**WORK REQUEST**:
Return every line of the records, exact and in full, until you have returned the line with "晶体管VT1~VT15构成1", and include none of the pictures.

(Extracted records)
BEGIN

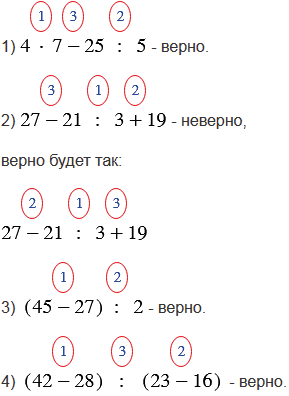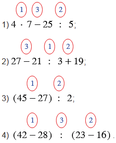 1. Если выражение содержит только действия одной ступени и в нем нет скобок, то действия выполняют по порядку слева направо.
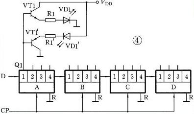 晶体管VT1~VT15构成15个NPN型射极跟随器,分别控制发光二极管VD1~VD15。晶体管VT1'~VT15'构成15个PNP型射极跟随器,分别控制发光二极管VD1'~VD15'。15位移位寄存器的每一位寄存单元的Q输出端,同时接有NPN型(VT)和PNP型(VT')两个射极跟随器。以第一寄存单元为例:当Q=1时,NPN晶体管VT1导通,发光二极管VD1亮;同时PNP晶体管VT'截止,发光二极管VD1'熄灭。当Q=0时,NPN晶体管VT1截止,VD1灭;PNP晶体管VT1'导通,VD1'亮。
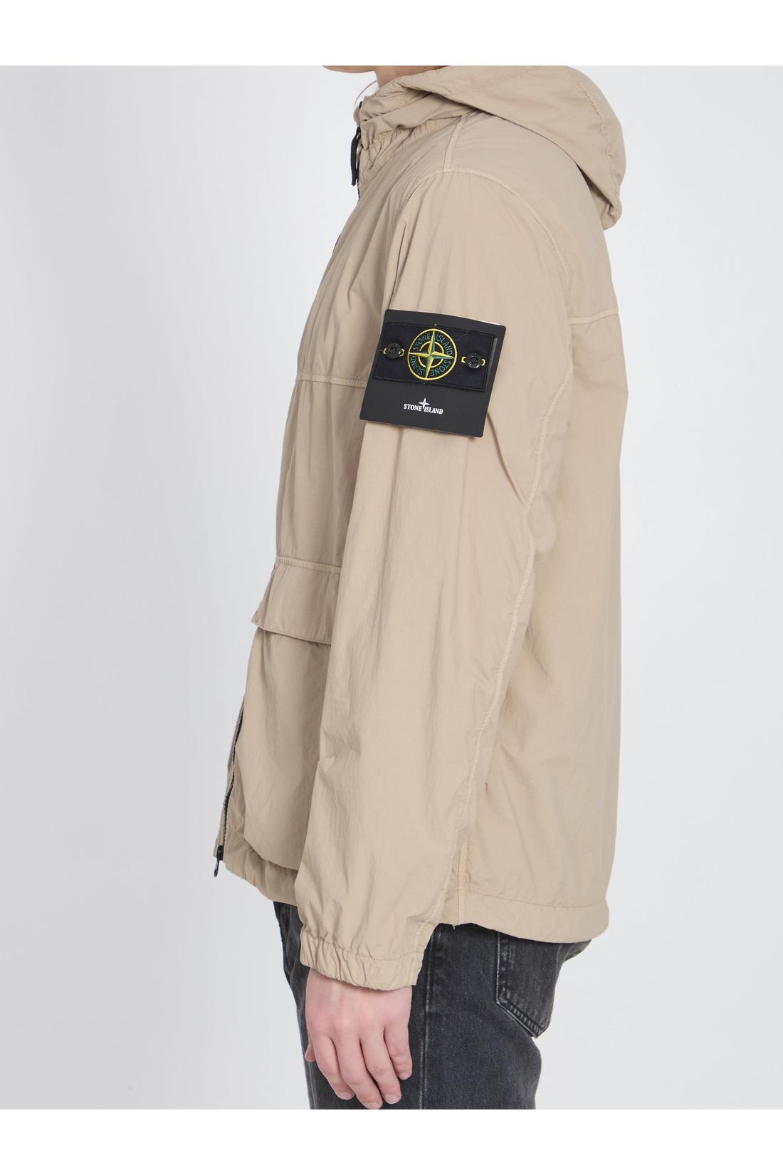 Beige nylon jacket. It features an adjustable hood with an internal drawcord, a zip front closure, two flap button pockets on the front, long sleeves, an iconic badge on the sleeve, and elasticated cuffs and hem. Regular fit.
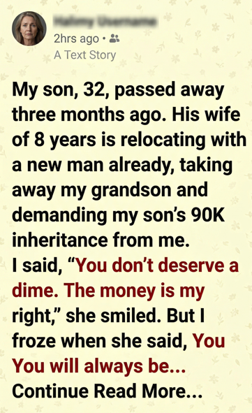 “That money was meant to help raise his child,” she replied. “Your grandson. Not for me… for him.”
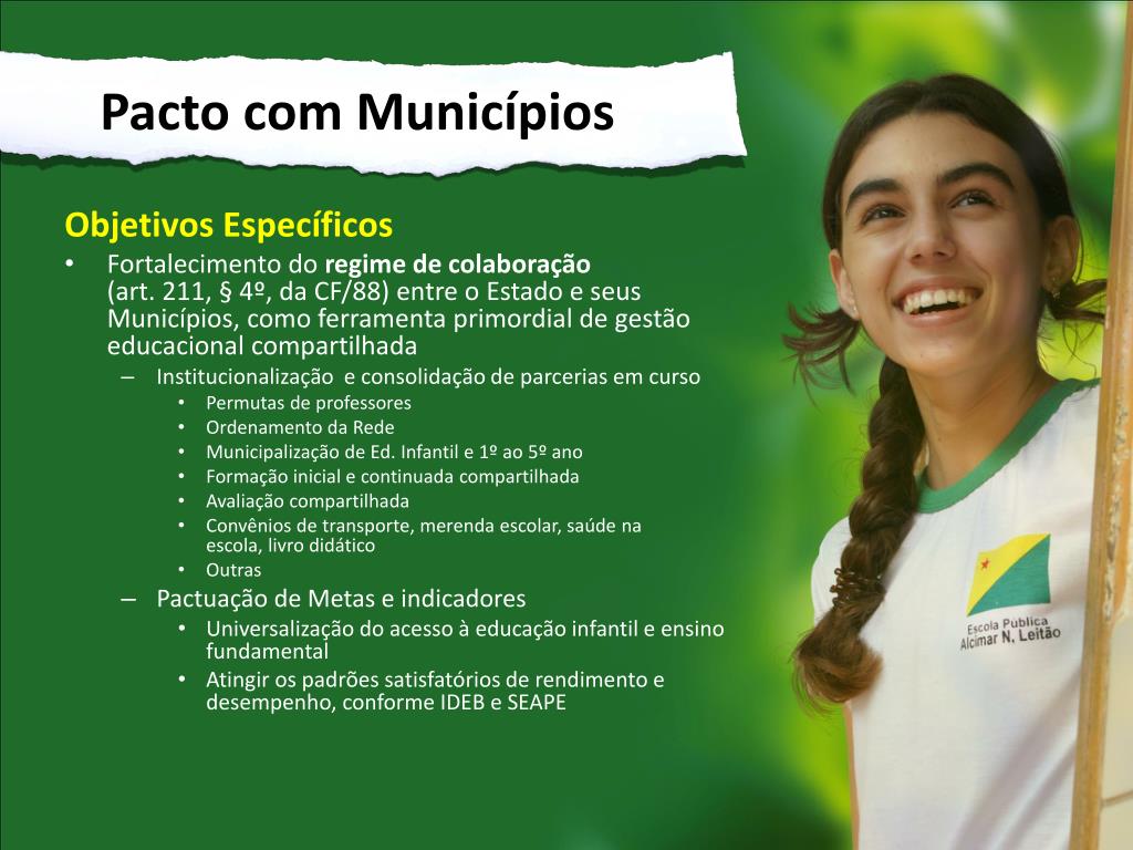 Pacto com Municípios • Objetivos Específicos • Fortalecimento do regime de colaboração (art. 211, § 4º, da CF/88) entre o Estado e seus Municípios, como ferramenta primordial de gestão educacional compartilhada • Institucionalização e consolidação de parcerias em curso • Permutas de professores • Ordenamento da Rede • Municipalização de Ed. Infantil e 1º ao 5º ano • Formação inicial e continuada compartilhada • Avaliação compartilhada • Convênios de transporte, merenda escolar, saúde na escola, livro didático • Outras • Pactuação de Metas e indicadores • Universalização do acesso à educação infantil e ensino fundamental • Atingir os padrões satisfatórios de rendimento e desempenho, conforme IDEB e SEAPE
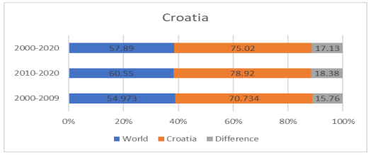 The results of the globalization index - KOF for Croatia by period show that the biggest deviation is in the second period, more precisely in the period 2010-2020. (18,38). The mean value of the KOF index for the period 2000-2009. shows a positive difference in favor of Croatia, which is significantly higher in the following period. Nevertheless, viewed as a whole, Craoatia has a higher mean value of the KOF index by 17.13 index points.
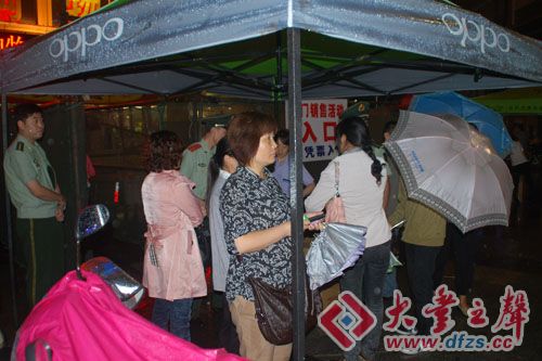 在大雨中,大丰购物中心超低价专场答谢会拉开序幕。 摄影:大丰之声 小辉
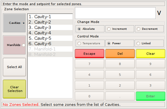 power-mode, the setpoint is entered as a voltage (cavities) or percentage (manifolds). With
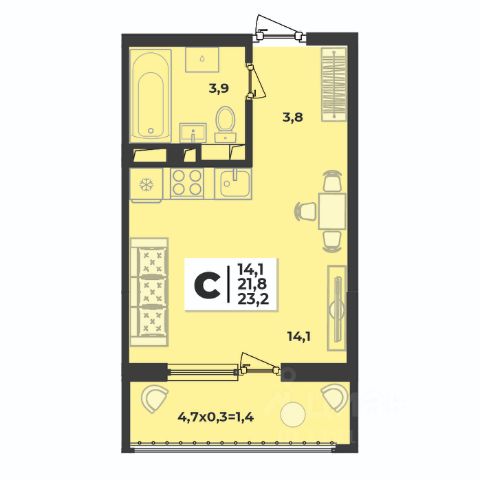 Продаётся светлая и уютная студия. Квартира расположена на 2 этаже. Общая площадь составляет 22,1 кв. м.+3 кв. м просторной лоджии. Квартира в качественной предчистовой отделке, что позволит вам поиграть со своими фантазиями, реализовать все ваши дизайнерские предпочтения. В квартире очень удобная планировка: уютная комната, удобное расположение места для кухонной зоны. Сдельный, просторный санузел. Закрытая территория, на которой расположено - детская и спортивная площадки, пятёрочка, аптека, школа танцев, озон, парковка у дома и многоуровневая наземная парковка. Квартира в отличном районе со всей инфраструктурой в шаговой доступности 4 школы, 3 садика (один из них во дворе). В 5 минутах ходьбы остановки общественного транспорта в 2 минутах ходьбы, спорткомплексы, магазины на любой вкус, ярмарка выходного дня, аллеи для прогулок, огромные парковые зоны, зеленые зоны. Огромный торговый цент West Mall, Лента, Фут Корт. Быстрый выезд в центр и к ТЦ Красная Площадь, парк Галицкого. Так же в нашем районе строится огромный термальный комплекс, в 10 минутах от нашего дома. Звоните, отвечу на все вопросы.
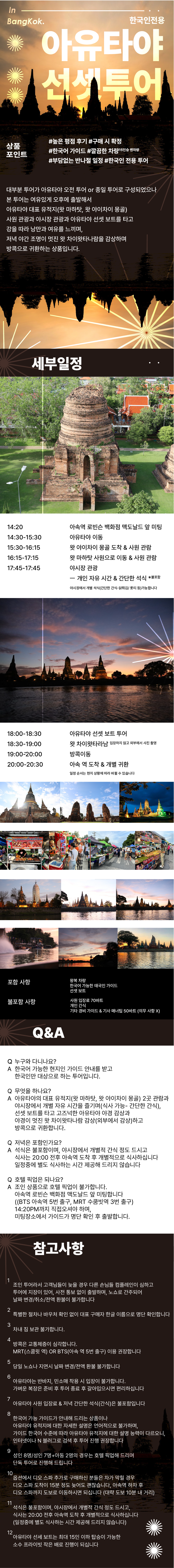 📌 [참고 사항] - 조인 투어라서 고객님들이 늦을 경우 다른 손님들 컴플레인이 심하고 투어에 지장이 있어, 사전 통보 없이 출발하며, 노쇼로 간주되어 날짜 변경/ 취소/ 전액 환불이 불가합니다. - 특별한 절차나 바우처 확인 없이 대표 구매자 한글 이름으로 명단 확인합니다. - 차 내 짐 보관 불가합니다. - 방콕은 교통 체증이 심각합니다. MRT(스쿰윗역) OR BTS(아속역 5번 출구) 이용 권장합니다. - 당일 노쇼나 지연 시 날짜 변경 및 전액 환불 불가합니다. - 아유타야는 슬리퍼나 반바지, 민소매 착용 시 입장이 불가합니다. 가벼운 복장은 준비 후 투어 종료 후 갈아입으시면 편리하십니다. - 아유타야 사원 입장료&저녁 간단한 석식(간식)은 불포함입니다. - 토요일과 일요일 예약은 월요일 13:00 전에 가능 여부 확정 드립니다. - 한국어 가능 가이드가 안내해 드리는 상품이나 아유타야 유적지에 대한 자세한 설명은 언어적으로 불가하며, 가이드 한국어 수준에 따라 아유타야 유적지에 대한 설명 능력이 다르오니, 인터넷이나 N 블로그로 검색 후 투어 진행 권장합니다. - 최소 출발 인원은 4명입니다. - 코로나로 인한 모객이 적어 최소 출발 인원이 4인입니다. 모객이 안될 경우 출발 하루 전에 고객님께 연락드리고 취소 처리해드리고 전액 환불 처리해 드립니다. - 성인 8명 / 성인 7명 + 아동 2명의 경우는 호텔 픽업해 드리며 단독 투어로 진행해 드립니다.
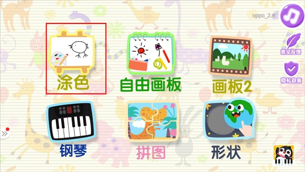 2、新增了颜色、涂色、钢琴、形状、拼图等多种玩法
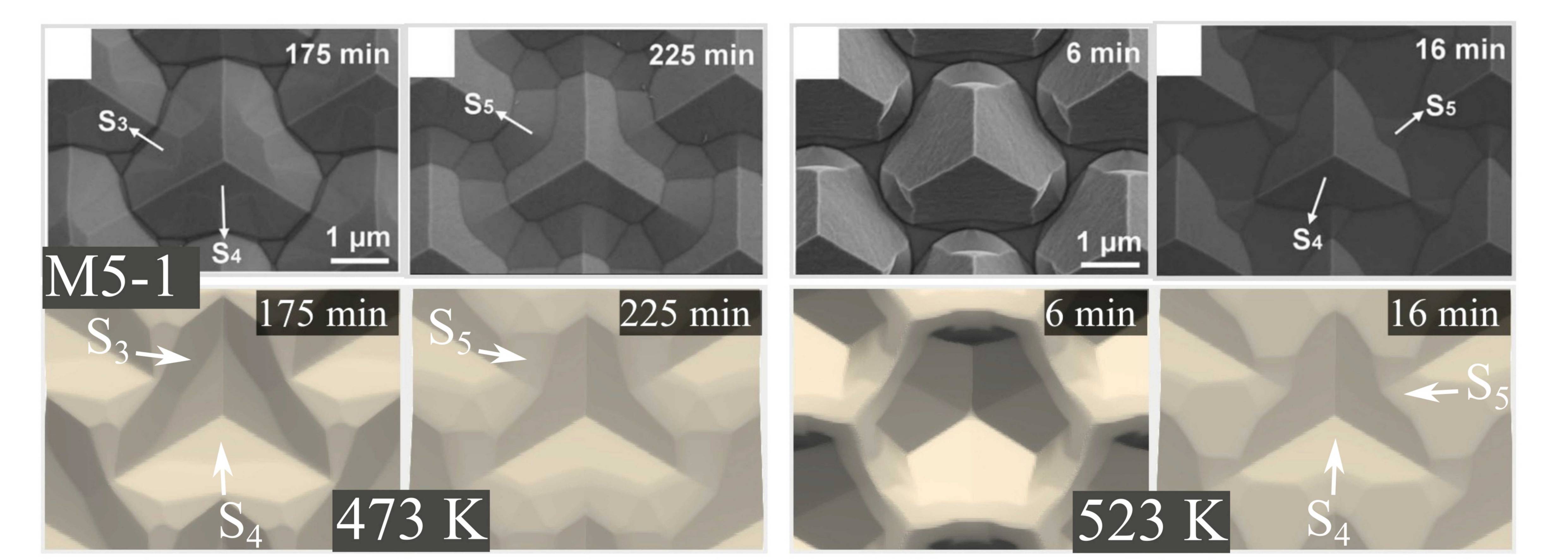 facets have not been observed for any of the investigated temperatures in case of M0-1. Again, the topography evolution argument can be applied to deduce that the corresponding

END

**SOLUTION TO THIS TASK**:
 1. Если выражение содержит только действия одной ступени и в нем нет скобок, то действия выполняют по порядку слева направо.
 晶体管VT1~VT15构成15个NPN型射极跟随器,分别控制发光二极管VD1~VD15。晶体管VT1'~VT15'构成15个PNP型射极跟随器,分别控制发光二极管VD1'~VD15'。15位移位寄存器的每一位寄存单元的Q输出端,同时接有NPN型(VT)和PNP型(VT')两个射极跟随器。以第一寄存单元为例:当Q=1时,NPN晶体管VT1导通,发光二极管VD1亮;同时PNP晶体管VT'截止,发光二极管VD1'熄灭。当Q=0时,NPN晶体管VT1截止,VD1灭;PNP晶体管VT1'导通,VD1'亮。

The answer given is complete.